PROMPT: Once you find the line with "Hier ziet u" in the data below, transcribe exactly each line from there to the line with "稼働台数 | パチンコ432台 / パチスロ304台 |", inclusive, and nothing else. Drop the pictures.

╭─ PROVIDED RECORDS

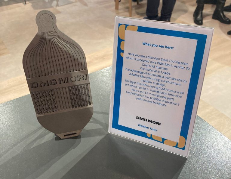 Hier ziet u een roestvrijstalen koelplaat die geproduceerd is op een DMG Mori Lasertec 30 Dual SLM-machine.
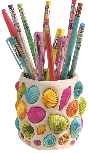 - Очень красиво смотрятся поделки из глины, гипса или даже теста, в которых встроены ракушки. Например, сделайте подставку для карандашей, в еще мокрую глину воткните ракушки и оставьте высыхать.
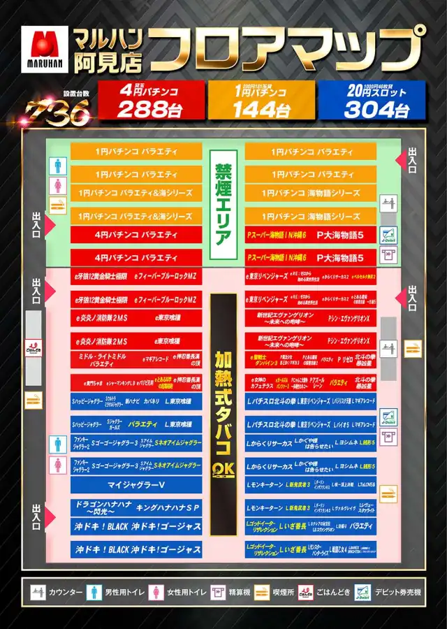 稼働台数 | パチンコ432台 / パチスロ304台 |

╰─
╭─ PROVIDED RECORDS

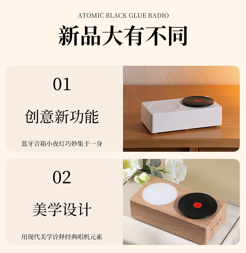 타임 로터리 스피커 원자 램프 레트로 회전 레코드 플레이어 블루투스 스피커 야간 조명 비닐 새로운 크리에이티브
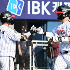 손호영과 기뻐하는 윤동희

╰─

OUTPUT FOR THIS EXERCISE:
 Hier ziet u een roestvrijstalen koelplaat die geproduceerd is op een DMG Mori Lasertec 30 Dual SLM-machine.
 - Очень красиво смотрятся поделки из глины, гипса или даже теста, в которых встроены ракушки. Например, сделайте подставку для карандашей, в еще мокрую глину воткните ракушки и оставьте высыхать.
 稼働台数 | パチンコ432台 / パチスロ304台 |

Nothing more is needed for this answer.